Вошли сподвижники. Шамиль встал.

— О, Господь! Ты взрастил своего пророка Моисея — да благословит его Аллах и приветствует! — в руках фараона. Этого моего сына, формально, я, если и передаю неверным, в действительности, однако, он является закладом, врученным Тебе, вещью, отданной Тебе на сохранение. Ты — лучший хранитель! — Шамиль провел ладонями по лицу и обратился к собравшимся. — Нужен человек, который будет постоянно сопровождать моего сына и даст ему исламское воспитание. Есть желающие?

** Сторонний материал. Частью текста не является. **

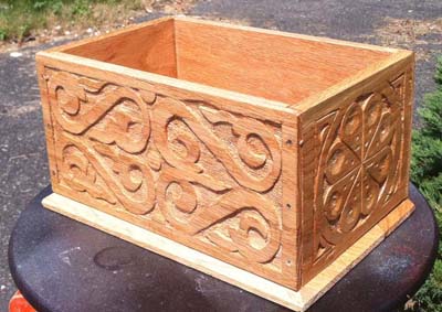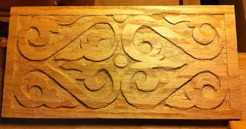I used all hand tools to carve this design, using carving chisels to set in the outline, and relieve the background. The texture on the background is done with shop made punches, and finished with clear shellac. The sides are air dried Alder from the pacific northwest region, and oak and walnut for the ends and handle.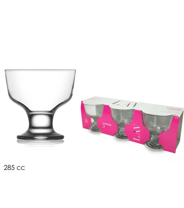 The set of ice cream glasses with clear glass and a capacity of 285cc each includes three glasses, perfect for serving your favorite ice creams. The clear glass of these glasses allows you to enjoy the sensual appearance of the ice cream as you indulge in it. With these glasses, you can create a delightful experience for your taste buds.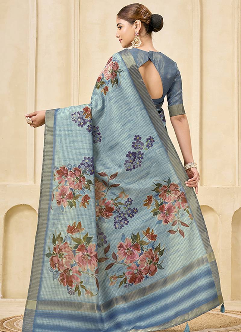 | Product Name | Sky Blue Pink Signora Zari Silk Blend Floral Digital Printed Casual Wear Saree. | |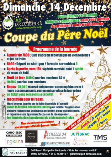 Le repas est strictement réservé aux compétiteurs et à leurs accompagnants. Inscriptions au repas : sur la fiche disponible à l’accueil du golf, jusqu’au 8 décembre inclus.

Все, кто так яростно недавно настаивали, чтобы отдать Джамалэддина заложником, стали отводить глаза. Лишь Юнус из Чиркея откликнулся:

— Я пойду!

— Юнус! — обратился Шамиль к мюриду. — Тебе доверяю жизнь сына. Будь с ним рядом в русском лагере. Защищай его даже ценой своей жизни.

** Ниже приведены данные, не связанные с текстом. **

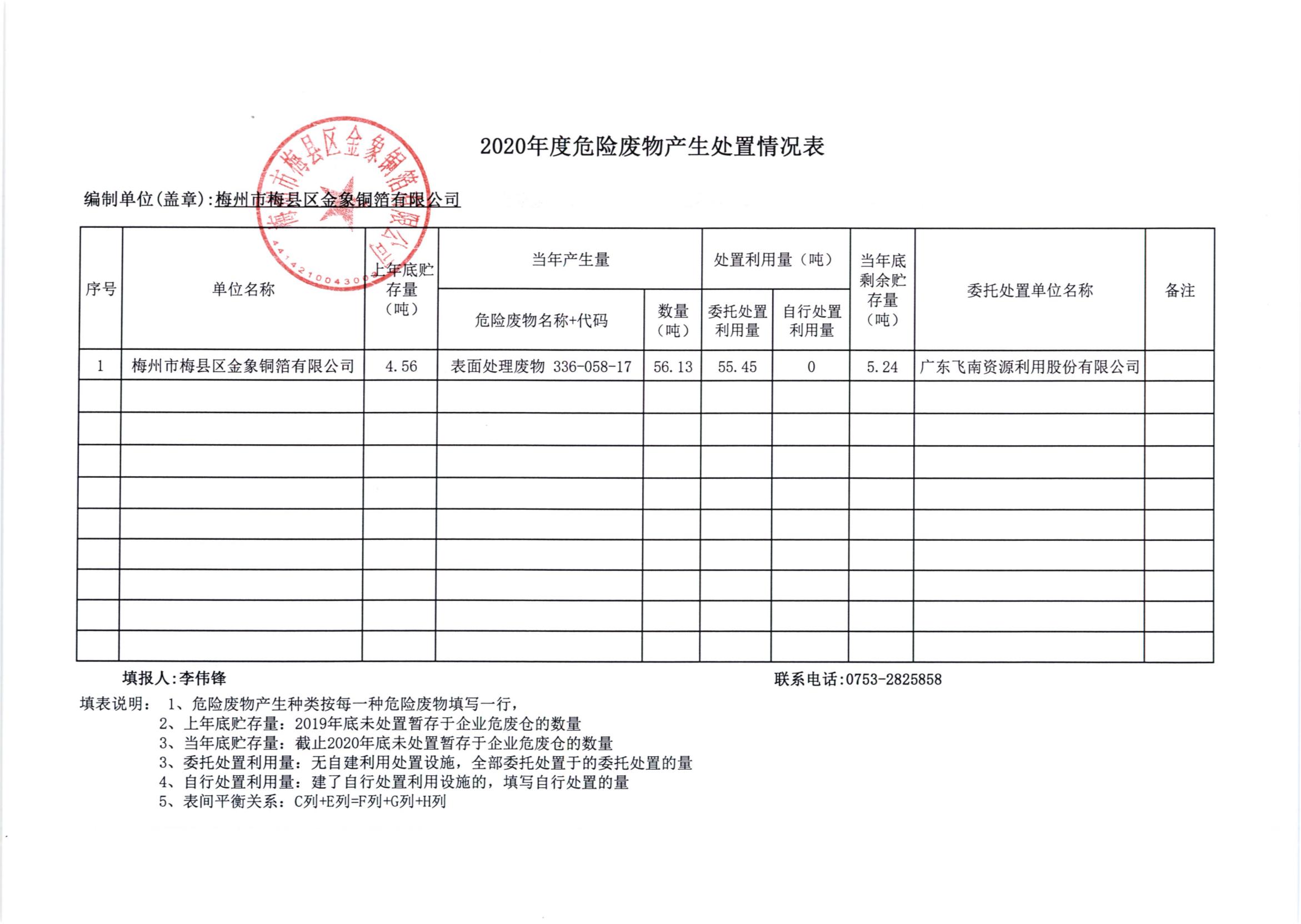 梅州市梅縣區(qū)金象銅箔有限公司系廣東嘉元科技股份有限公司的全資子公司,現(xiàn)將梅州市梅縣區(qū)金象銅箔有限公司國家排污許可證中固廢污染防治信息進(jìn)行公示。

— Я все исполню, учитель! — чиркеевец прижал руку к сердцу. Он снял с себя оружие и передал товарищам, оставив себе лишь один кинжал. — Пойдем, Джамалэддин. Нам придется пройти этот путь бесчестия до конца.

Взяв мальчика за руку, Юнус двинулся к русским баррикадам. Маленькая ручка в его мозолистой ладони слегка дрожала. Но Джамалэддин шел, стараясь изо всех сил не выказывать страха. Впрочем, куда больше страха его влекло любопытство. Про урусов он знал одно: они собаки и свиноеды, порождение шайтана, а их главный сераскир — черт. На живого черта посмотреть — это интересно.

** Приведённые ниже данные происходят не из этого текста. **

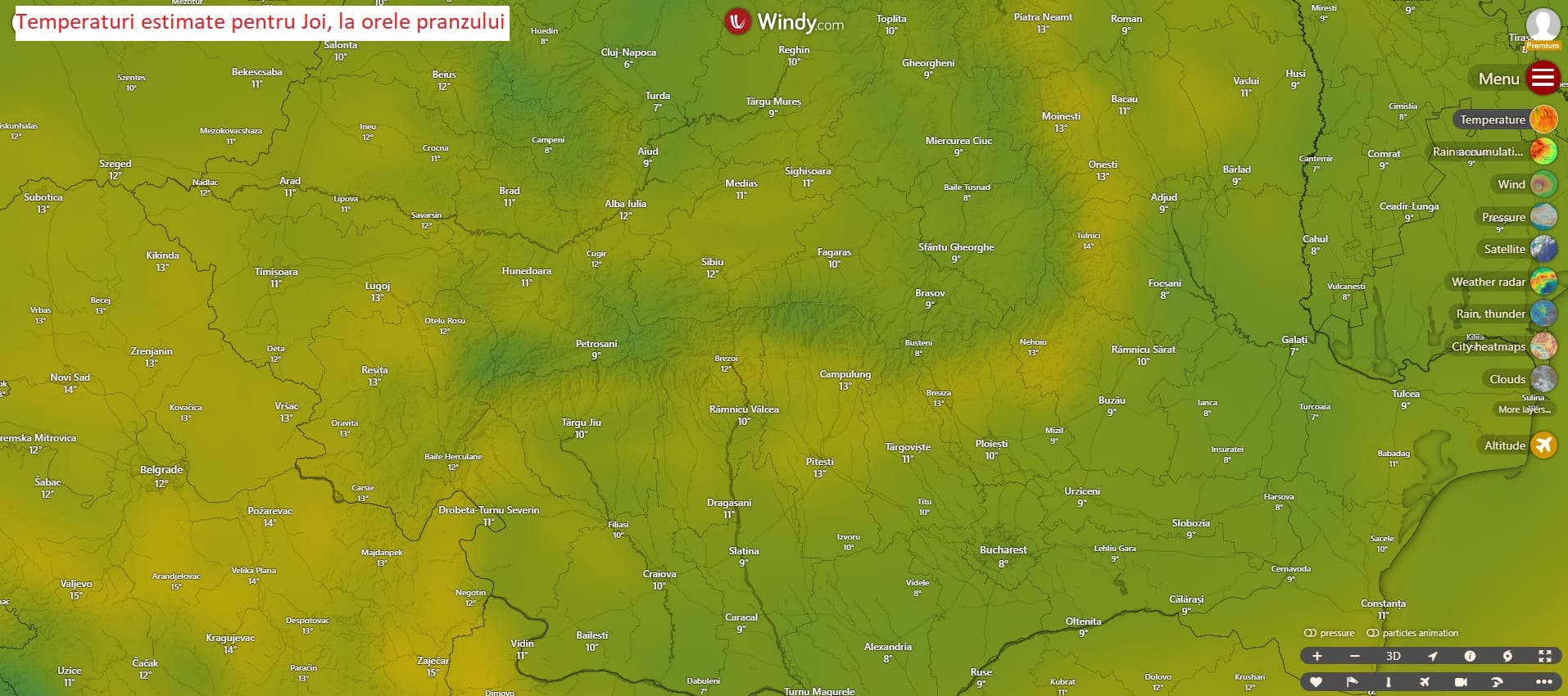 Valori mai ridicate vom vedea prin sudul tarii, dar chiar si in acest caz, valorile scad pe masura ce avansam in Campia Romana. Un alt exemplu poate fi cel al orasului Ploiesti, care inregistreaza valori de pana la 10 grade Celsius, in vreme ce Bucurestiul inregistreaza maxime ceva mai moderate.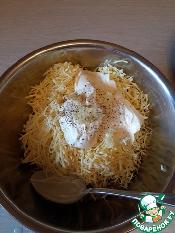 Натрите плавленный сыр, смешайте его с грибами, измельченным чесноком и майонезом, приправьте черным перцем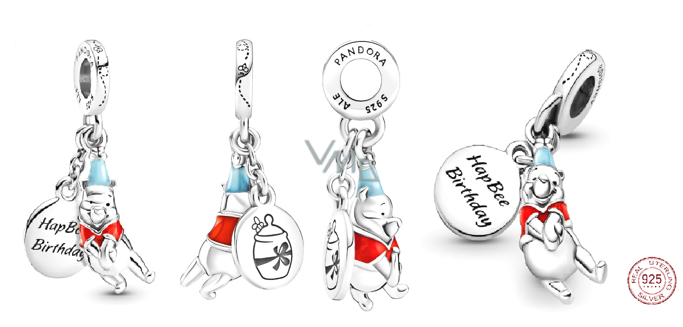 Přívěsek vyrobený ze stříbra a složený ze dvou částí, zdobený medvídkem Pú v červeném tričku a medailonkem s Medem a nápisem "Happy Birthday" (Krásné narozeniny). Roztomilý přívěsek rozveselí váš náramek. Ať už si chcete připomenout zvláštní okamžik nebo jednoduše dodat svému náramku jiskru, toto kouzlo ze sterlingového stříbra určitě udělá dojem. Přidejte si ji tedy do své sbírky ještě dnes a užívejte si její nadčasovou krásu v nadcházejících letech!

— Держись, парень. Родиться мужчиной, жить как мужчина и умереть мужчиной — вот удел горца, — наставлял его чиркеевец.

— Дядя Юнус! Меня не скормят свиньям?

— Не бойся! Я буду рядом и никому не дам тебя в обиду.

— Я — сын Шамиля! — гордо ответил Джамалэддин. — Страха нет!

Но при первой встрече с урусами юный горец все же немного испугался. Они смутили его своими безбородыми лицами с торчащими запыленными усами, пустыми уставшими глазами и странной одеждой, подходящей скорее домашним рабам-камилам, чем воинам.

Мальчика ждали. Все надеялись, что возобновившиеся переговоры покончат со страшным кровопролитием и жестокий поход наконец-то завершится. Солдаты столпились у ложементов, с интересом разглядывая ребенка, от которого, казалось, так много зависело. Рядом с русским офицером стоял переводчик, односельчанин Юнуса, Чаландар.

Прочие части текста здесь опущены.